- [Problem details] Would you please set down the data again exactly as given, excluding the pictures?

[Data section — start]

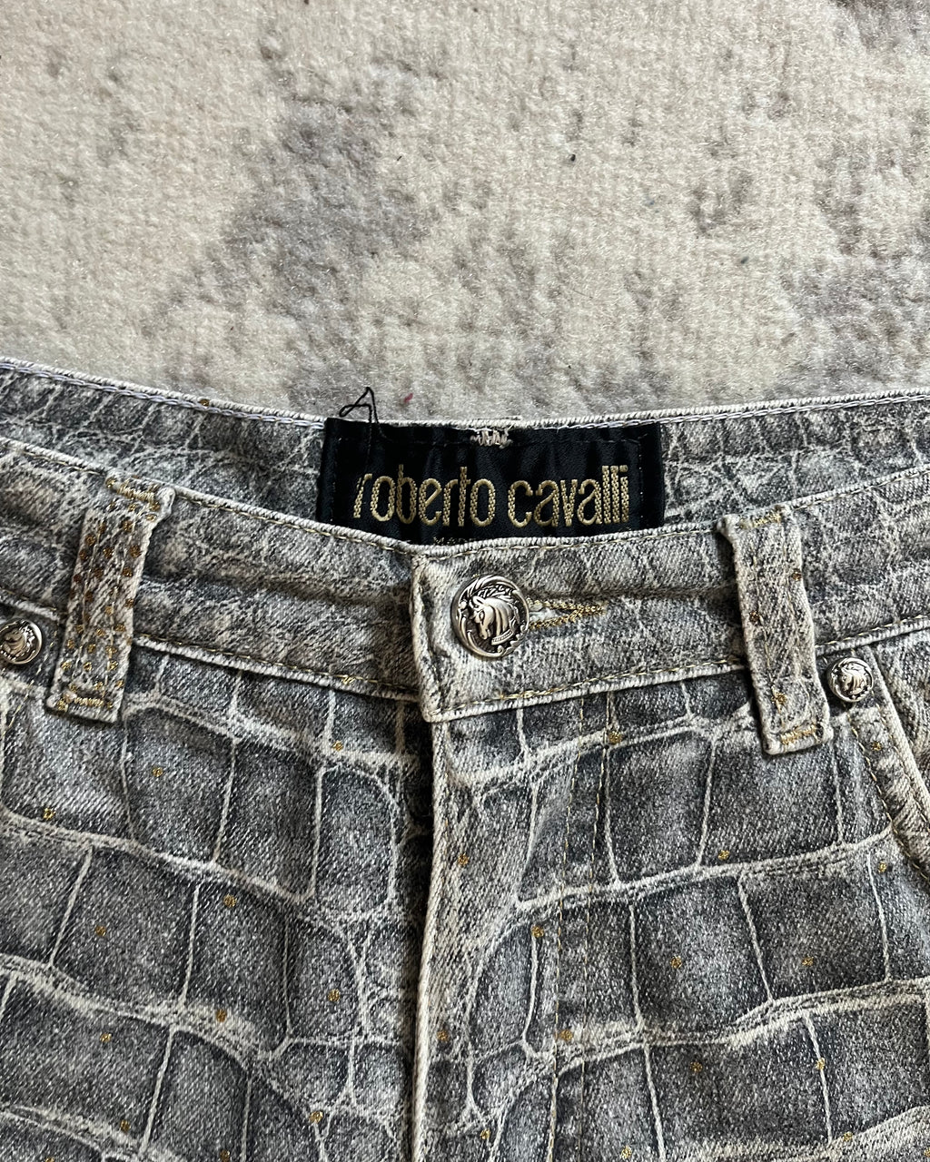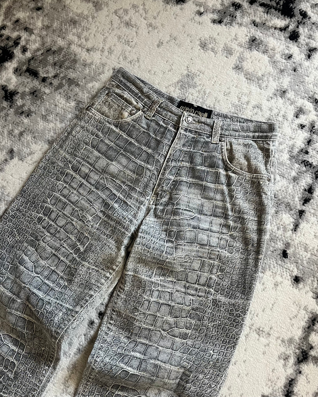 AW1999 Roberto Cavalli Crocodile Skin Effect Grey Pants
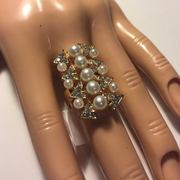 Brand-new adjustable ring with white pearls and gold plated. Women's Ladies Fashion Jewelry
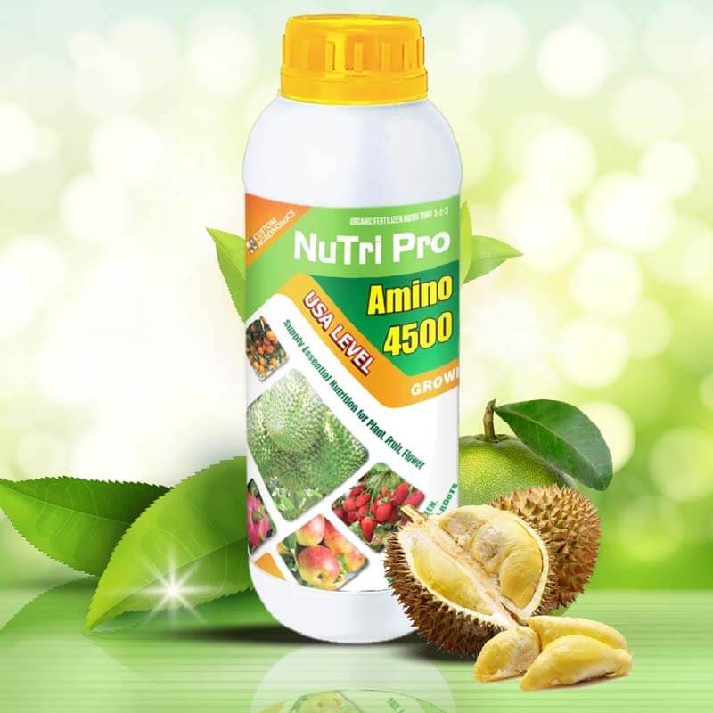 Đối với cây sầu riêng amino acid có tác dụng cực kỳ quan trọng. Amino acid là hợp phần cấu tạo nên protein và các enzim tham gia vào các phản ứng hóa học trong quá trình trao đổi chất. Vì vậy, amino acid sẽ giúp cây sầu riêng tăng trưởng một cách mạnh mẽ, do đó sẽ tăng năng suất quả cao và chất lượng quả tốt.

[Data section — finish]

- [Written solution]
 AW1999 Roberto Cavalli Crocodile Skin Effect Grey Pants
 Brand-new adjustable ring with white pearls and gold plated. Women's Ladies Fashion Jewelry
 Đối với cây sầu riêng amino acid có tác dụng cực kỳ quan trọng. Amino acid là hợp phần cấu tạo nên protein và các enzim tham gia vào các phản ứng hóa học trong quá trình trao đổi chất. Vì vậy, amino acid sẽ giúp cây sầu riêng tăng trưởng một cách mạnh mẽ, do đó sẽ tăng năng suất quả cao và chất lượng quả tốt.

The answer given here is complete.